*** Block opens ***

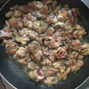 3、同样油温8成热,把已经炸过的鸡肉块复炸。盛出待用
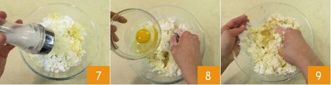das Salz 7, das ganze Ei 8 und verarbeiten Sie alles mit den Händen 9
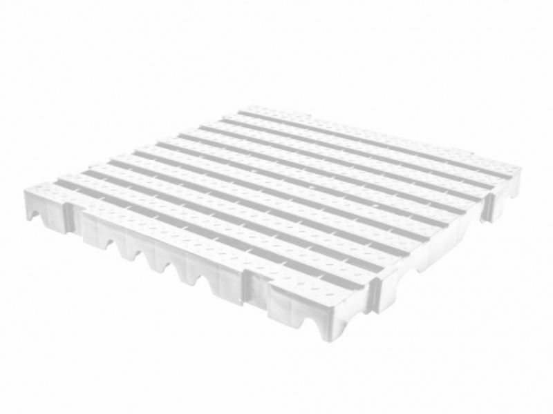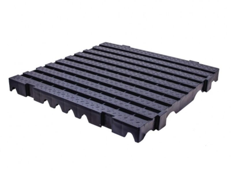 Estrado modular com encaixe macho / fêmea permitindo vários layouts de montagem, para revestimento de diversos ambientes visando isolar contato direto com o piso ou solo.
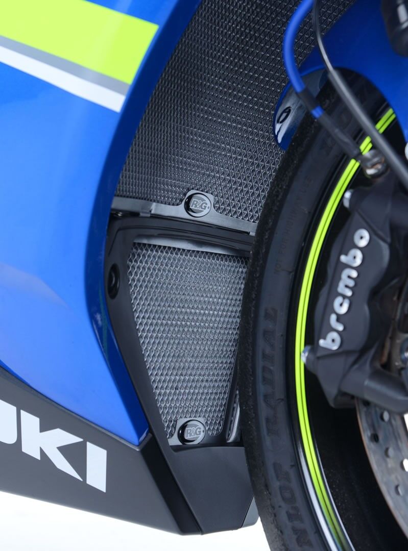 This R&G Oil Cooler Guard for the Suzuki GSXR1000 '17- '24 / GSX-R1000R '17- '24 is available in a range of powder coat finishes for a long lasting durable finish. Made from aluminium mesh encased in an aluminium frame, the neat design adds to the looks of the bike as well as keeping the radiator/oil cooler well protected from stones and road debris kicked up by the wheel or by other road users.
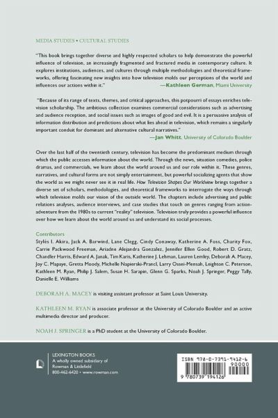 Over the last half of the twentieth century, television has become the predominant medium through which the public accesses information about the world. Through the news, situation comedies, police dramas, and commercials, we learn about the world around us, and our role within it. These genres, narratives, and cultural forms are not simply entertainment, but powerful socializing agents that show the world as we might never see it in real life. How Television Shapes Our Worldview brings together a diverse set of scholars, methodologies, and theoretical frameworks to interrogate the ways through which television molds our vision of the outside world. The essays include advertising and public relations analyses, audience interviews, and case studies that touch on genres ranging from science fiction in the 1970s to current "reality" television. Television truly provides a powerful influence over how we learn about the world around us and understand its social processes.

*** Block closes ***
*** Block opens ***

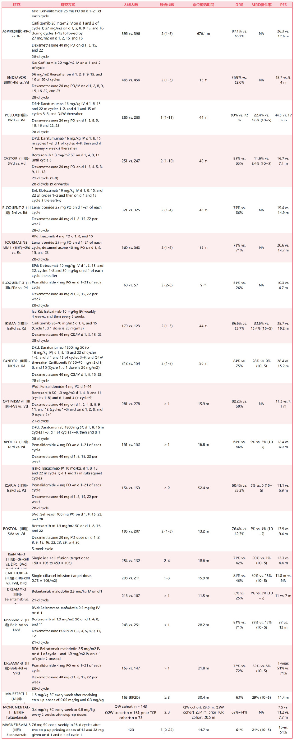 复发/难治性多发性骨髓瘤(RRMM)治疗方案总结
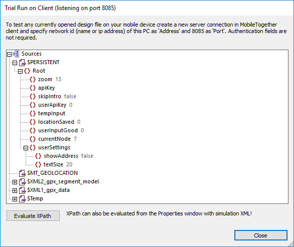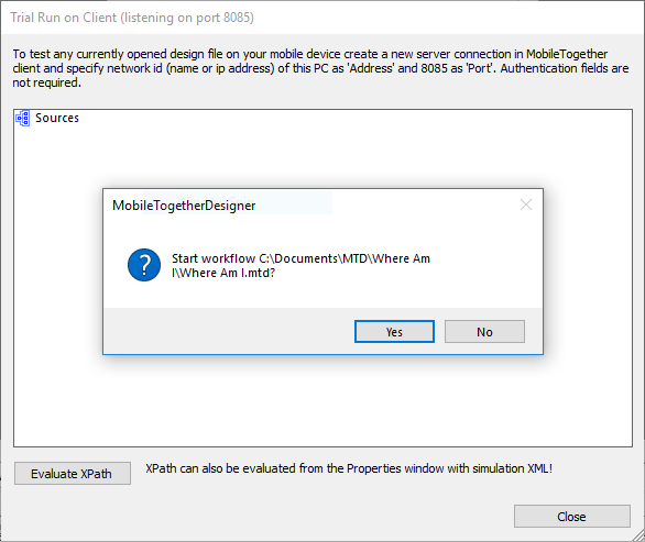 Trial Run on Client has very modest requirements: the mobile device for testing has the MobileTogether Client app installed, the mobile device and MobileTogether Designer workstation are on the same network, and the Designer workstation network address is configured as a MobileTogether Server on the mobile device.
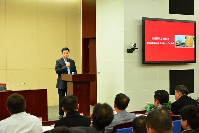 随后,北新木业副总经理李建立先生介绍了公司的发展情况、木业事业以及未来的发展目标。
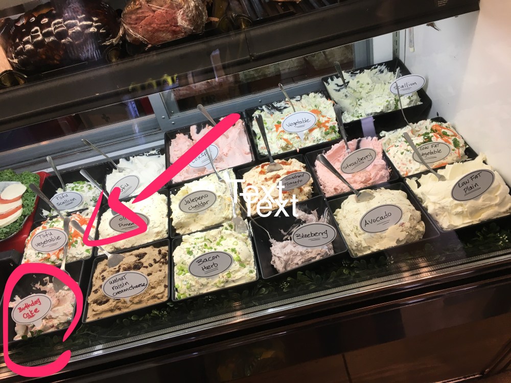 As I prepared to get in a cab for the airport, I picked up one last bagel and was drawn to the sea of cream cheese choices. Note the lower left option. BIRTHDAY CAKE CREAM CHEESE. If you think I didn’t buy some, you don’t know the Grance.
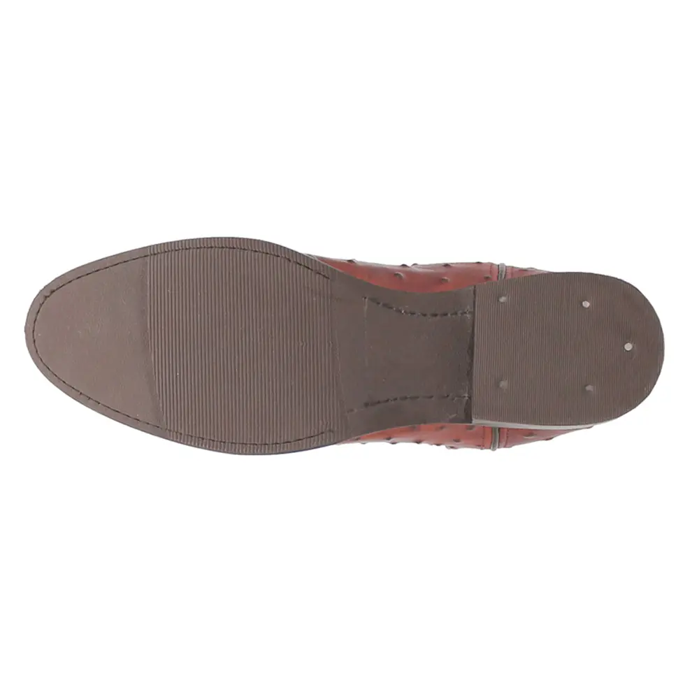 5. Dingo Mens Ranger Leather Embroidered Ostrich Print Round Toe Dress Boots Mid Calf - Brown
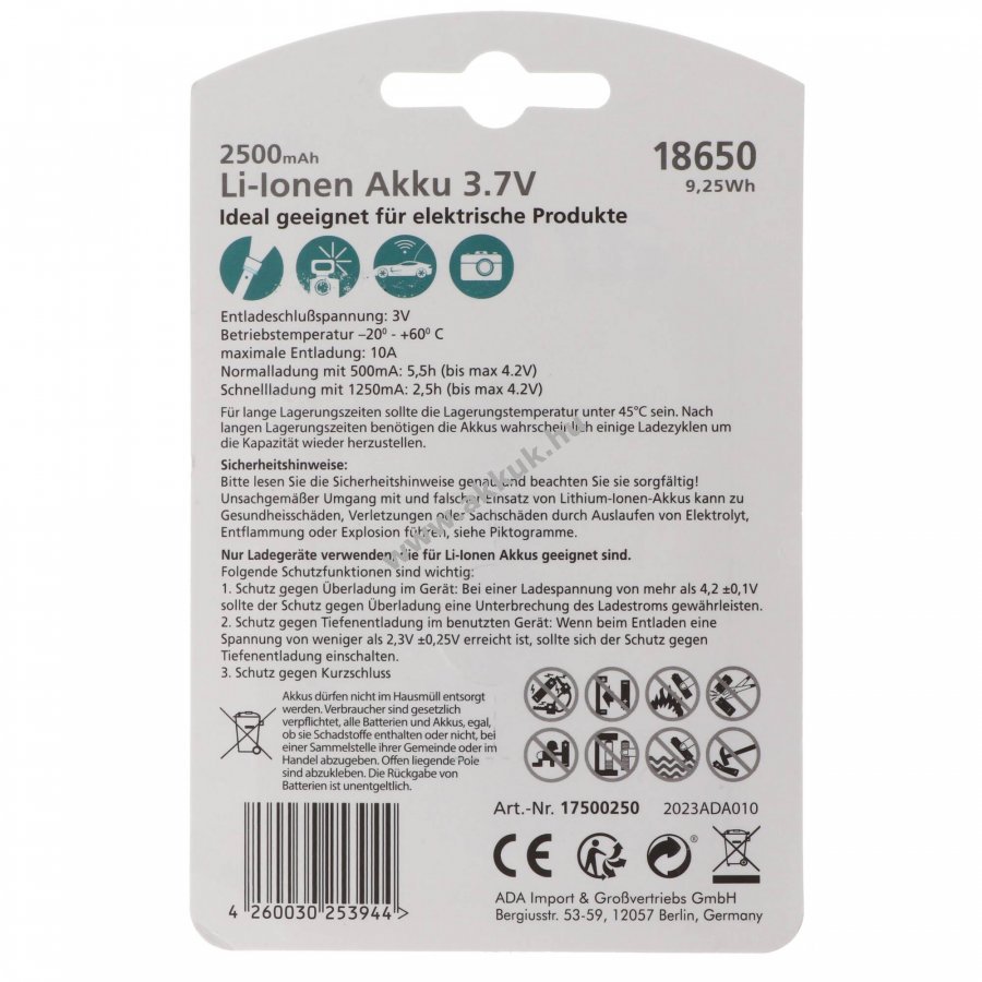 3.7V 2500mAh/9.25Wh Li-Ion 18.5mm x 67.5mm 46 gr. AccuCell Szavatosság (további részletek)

*** Block closes ***

Problem
Please repeat the lines of the material above exactly, starting with the line that contains "3、同样油温8成热,把已经炸过的鸡肉块复炸。盛出待用" and ending with the line that contains "Over the last". Leave the pictures out.

Answer to this task
 3、同样油温8成热,把已经炸过的鸡肉块复炸。盛出待用
das Salz 7, das ganze Ei 8 und verarbeiten Sie alles mit den Händen 9
 Estrado modular com encaixe macho / fêmea permitindo vários layouts de montagem, para revestimento de diversos ambientes visando isolar contato direto com o piso ou solo.
 This R&G Oil Cooler Guard for the Suzuki GSXR1000 '17- '24 / GSX-R1000R '17- '24 is available in a range of powder coat finishes for a long lasting durable finish. Made from aluminium mesh encased in an aluminium frame, the neat design adds to the looks of the bike as well as keeping the radiator/oil cooler well protected from stones and road debris kicked up by the wheel or by other road users.
 Over the last half of the twentieth century, television has become the predominant medium through which the public accesses information about the world. Through the news, situation comedies, police dramas, and commercials, we learn about the world around us, and our role within it. These genres, narratives, and cultural forms are not simply entertainment, but powerful socializing agents that show the world as we might never see it in real life. How Television Shapes Our Worldview brings together a diverse set of scholars, methodologies, and theoretical frameworks to interrogate the ways through which television molds our vision of the outside world. The essays include advertising and public relations analyses, audience interviews, and case studies that touch on genres ranging from science fiction in the 1970s to current "reality" television. Television truly provides a powerful influence over how we learn about the world around us and understand its social processes.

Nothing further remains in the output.